**Data provided**
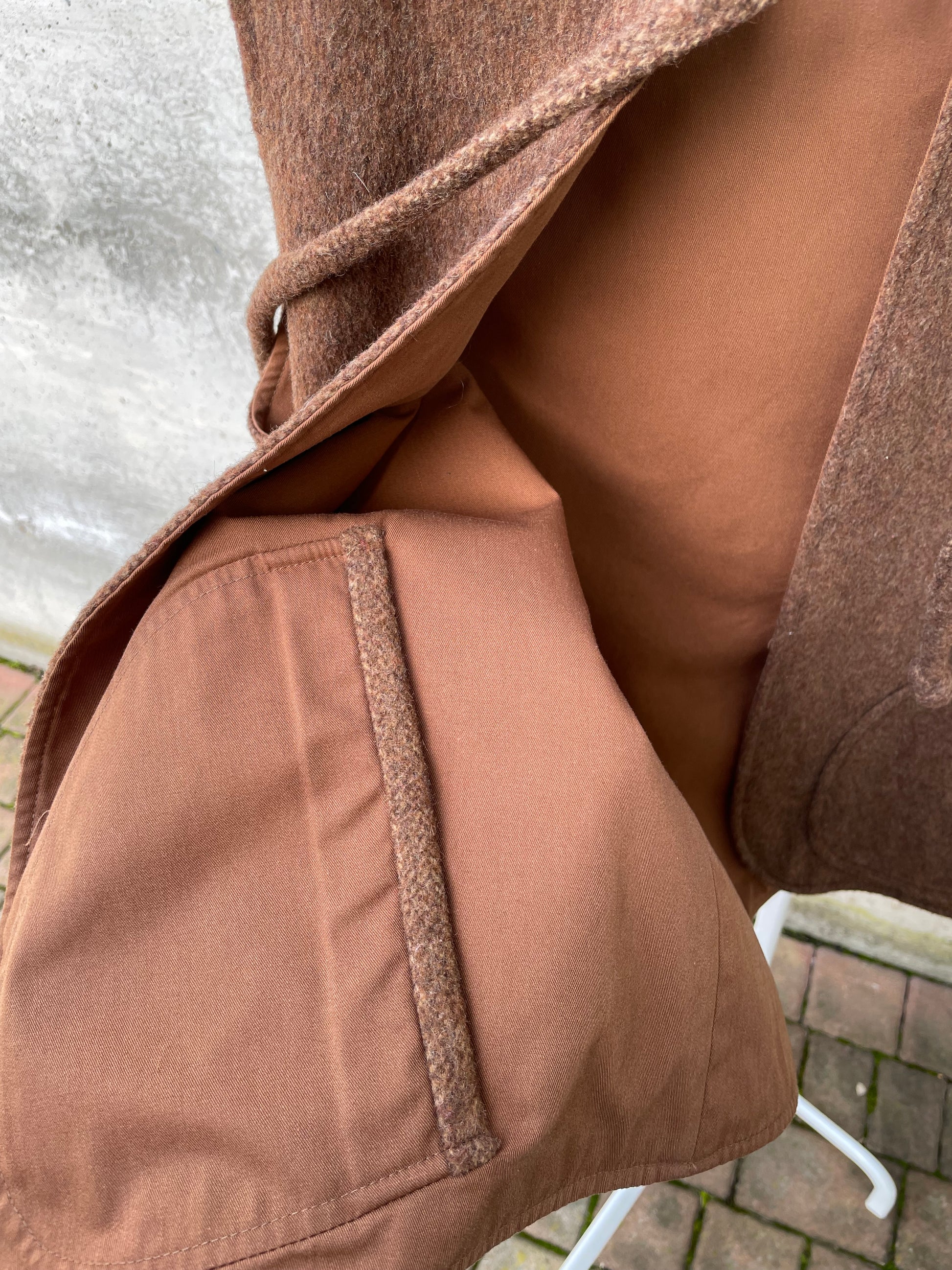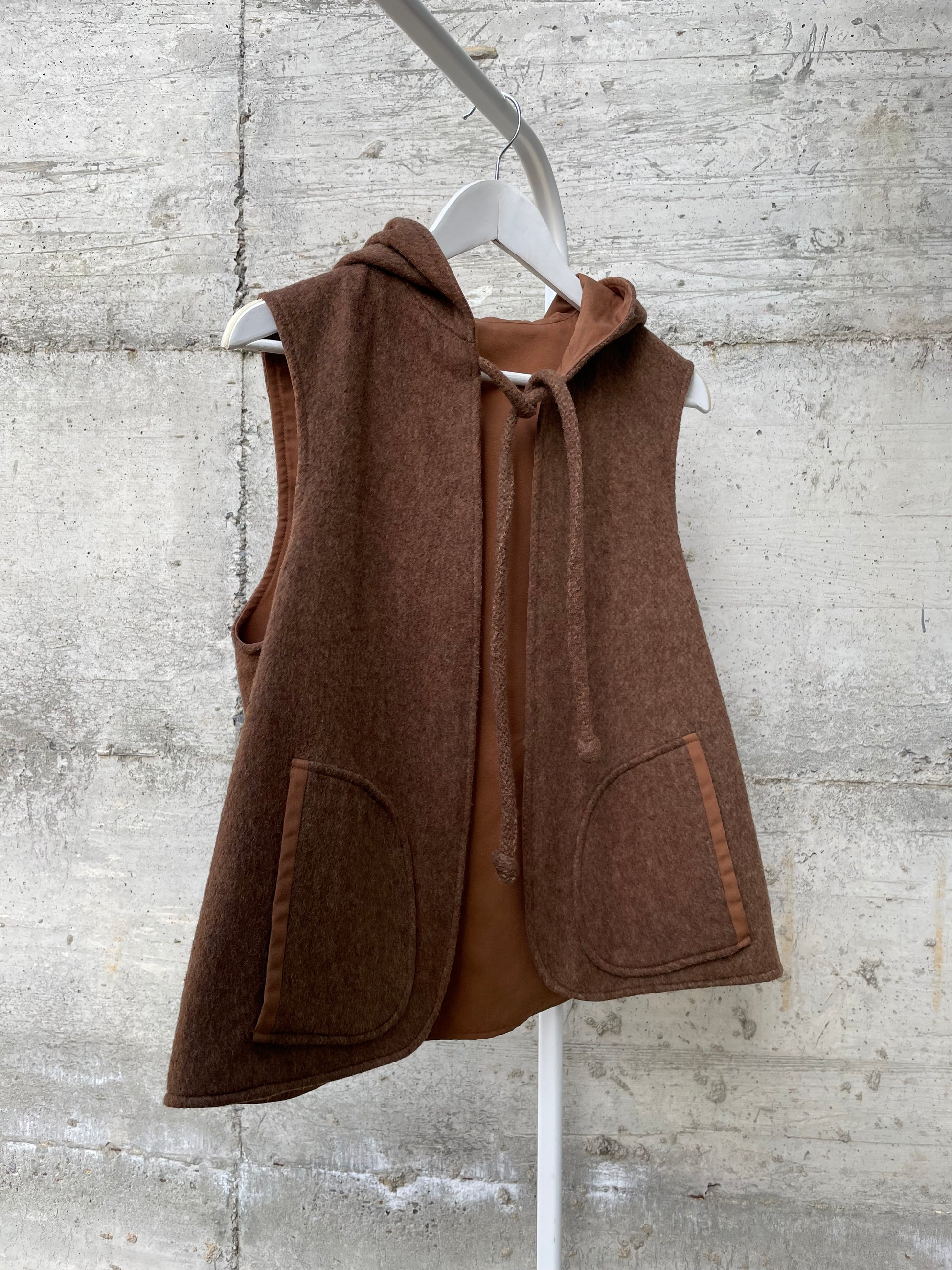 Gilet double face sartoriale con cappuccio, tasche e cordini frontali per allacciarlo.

---

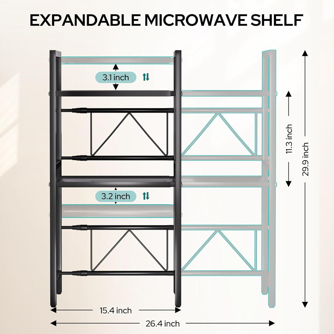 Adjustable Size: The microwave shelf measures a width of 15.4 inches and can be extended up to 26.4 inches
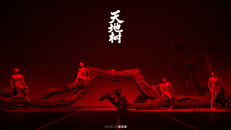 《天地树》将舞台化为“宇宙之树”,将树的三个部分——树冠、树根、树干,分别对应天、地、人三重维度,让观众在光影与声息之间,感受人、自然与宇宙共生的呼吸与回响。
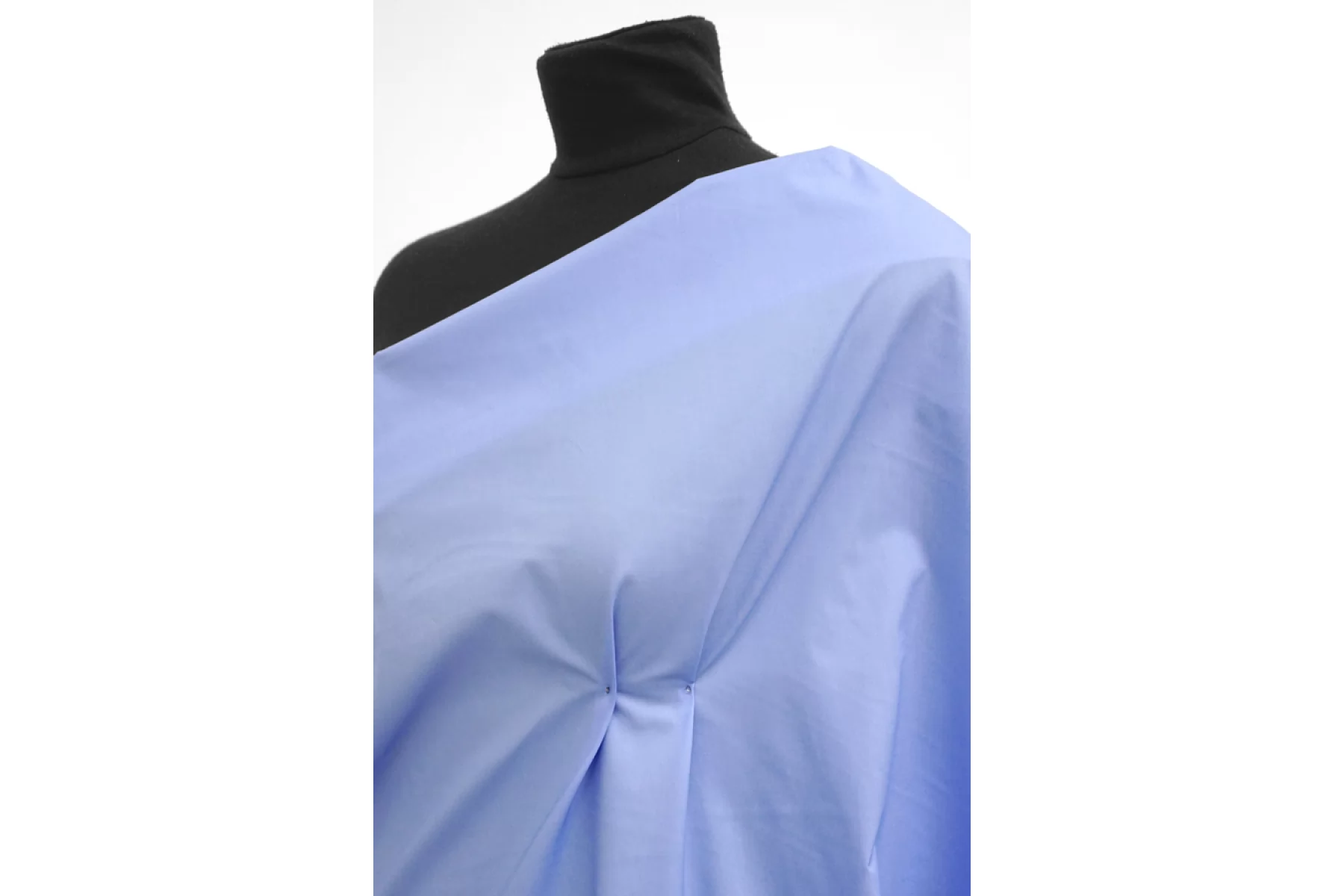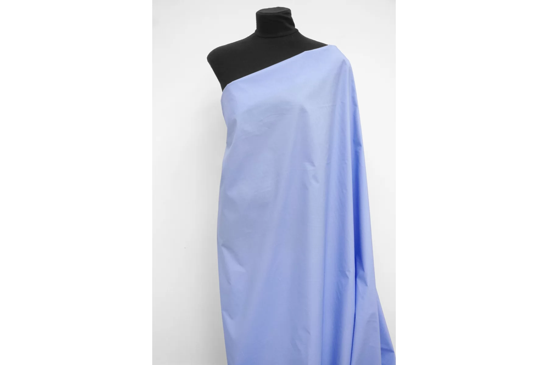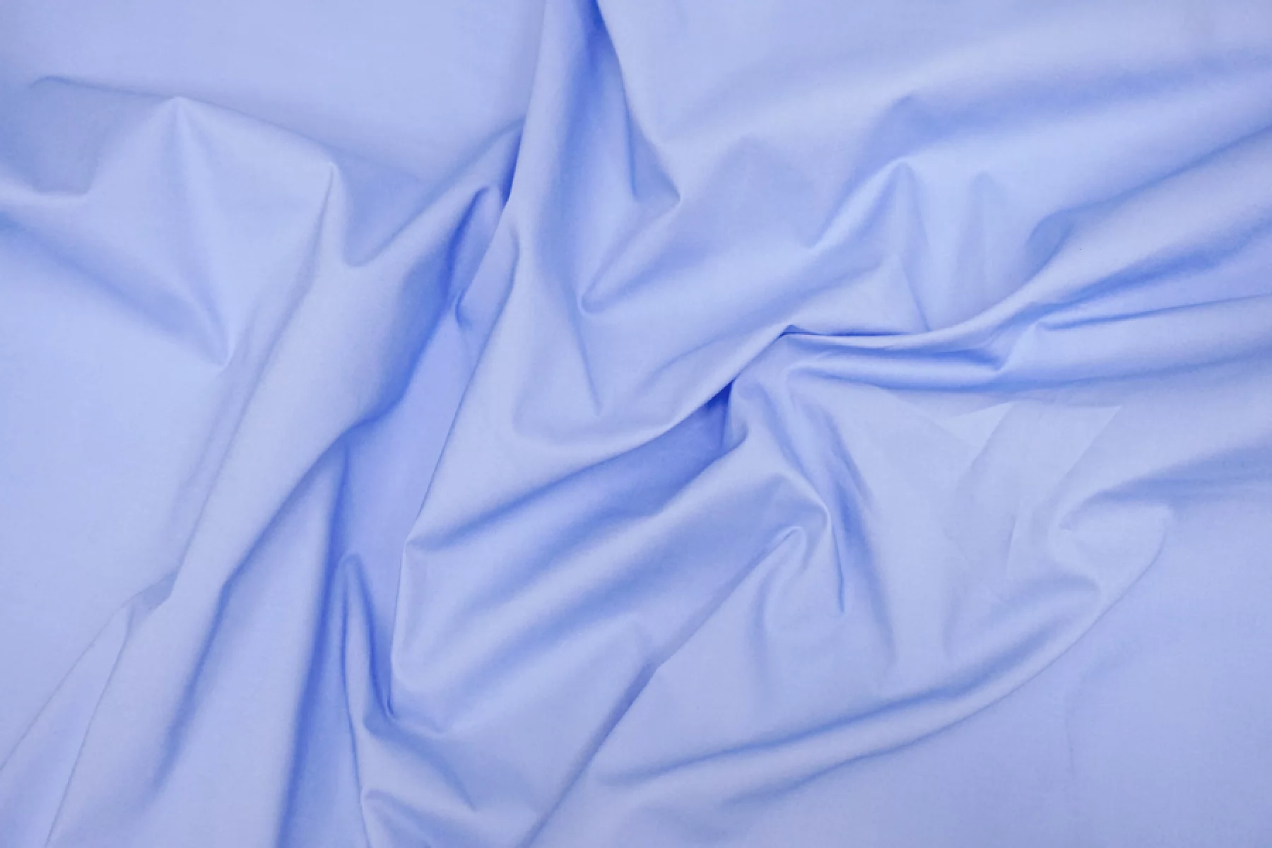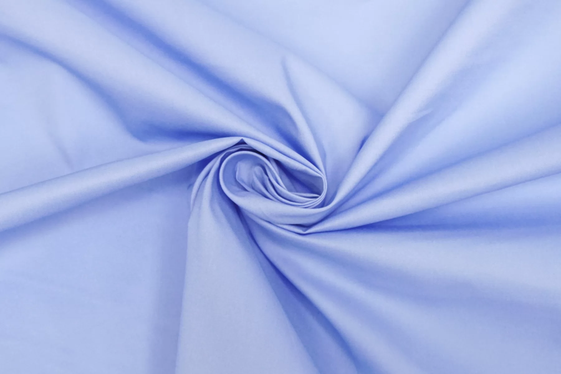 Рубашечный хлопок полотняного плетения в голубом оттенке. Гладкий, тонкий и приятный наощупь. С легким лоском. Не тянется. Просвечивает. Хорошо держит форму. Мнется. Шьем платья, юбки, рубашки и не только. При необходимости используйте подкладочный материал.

--

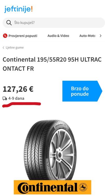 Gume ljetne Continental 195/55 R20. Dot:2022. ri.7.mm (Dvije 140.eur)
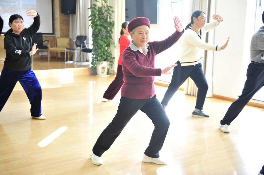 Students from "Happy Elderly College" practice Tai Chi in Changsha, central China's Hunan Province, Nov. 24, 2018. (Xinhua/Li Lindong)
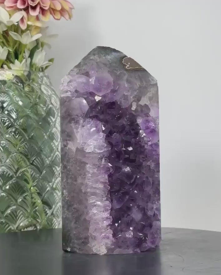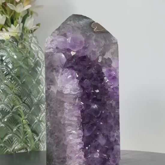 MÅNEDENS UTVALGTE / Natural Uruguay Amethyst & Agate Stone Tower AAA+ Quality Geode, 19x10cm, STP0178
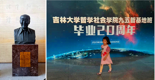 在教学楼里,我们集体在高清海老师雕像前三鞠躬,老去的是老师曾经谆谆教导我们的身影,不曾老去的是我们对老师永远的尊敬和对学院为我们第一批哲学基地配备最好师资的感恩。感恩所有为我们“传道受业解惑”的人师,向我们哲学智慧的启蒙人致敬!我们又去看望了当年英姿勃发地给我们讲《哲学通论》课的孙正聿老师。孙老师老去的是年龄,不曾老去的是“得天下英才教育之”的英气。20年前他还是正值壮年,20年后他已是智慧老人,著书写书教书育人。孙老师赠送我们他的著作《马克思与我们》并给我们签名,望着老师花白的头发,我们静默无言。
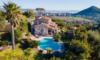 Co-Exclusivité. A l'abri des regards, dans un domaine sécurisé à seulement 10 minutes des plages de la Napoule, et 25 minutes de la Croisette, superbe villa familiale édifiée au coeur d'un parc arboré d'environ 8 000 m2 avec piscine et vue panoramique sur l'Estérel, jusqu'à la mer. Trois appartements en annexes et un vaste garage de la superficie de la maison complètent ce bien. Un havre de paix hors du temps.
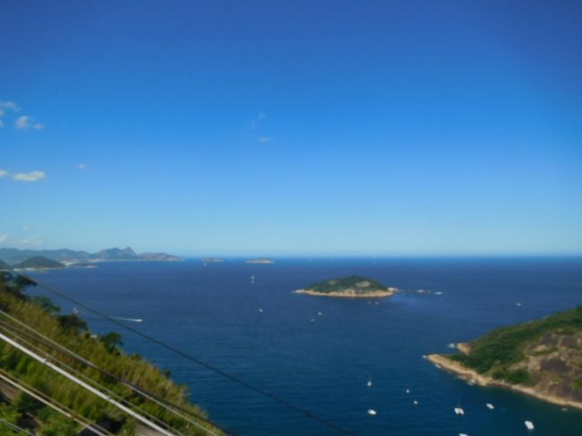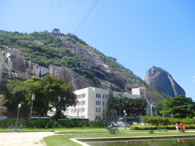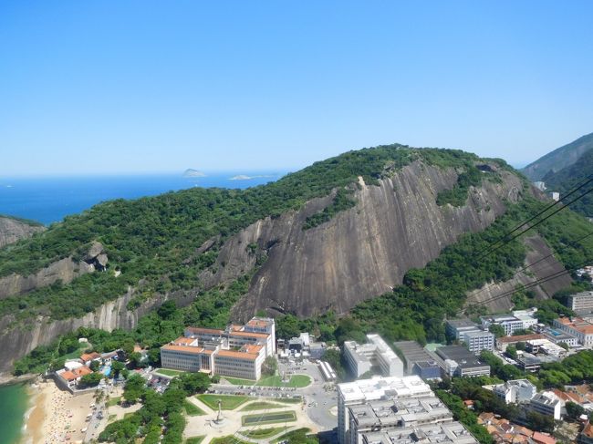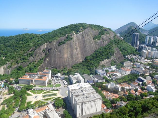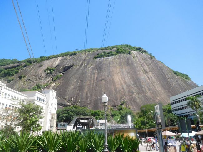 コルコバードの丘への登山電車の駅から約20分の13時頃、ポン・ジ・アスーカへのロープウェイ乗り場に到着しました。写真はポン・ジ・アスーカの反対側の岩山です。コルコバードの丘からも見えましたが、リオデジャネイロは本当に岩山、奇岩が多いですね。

**Exercise requirements**
Above, find the line with "Gume ljetne Continental"; copy it and every line down to the line with "MÅNEDENS UTVALGTE /", exactly and both included, but no pictures.

**Task output**
 Gume ljetne Continental 195/55 R20. Dot:2022. ri.7.mm (Dvije 140.eur)
 Students from "Happy Elderly College" practice Tai Chi in Changsha, central China's Hunan Province, Nov. 24, 2018. (Xinhua/Li Lindong)
 MÅNEDENS UTVALGTE / Natural Uruguay Amethyst & Agate Stone Tower AAA+ Quality Geode, 19x10cm, STP0178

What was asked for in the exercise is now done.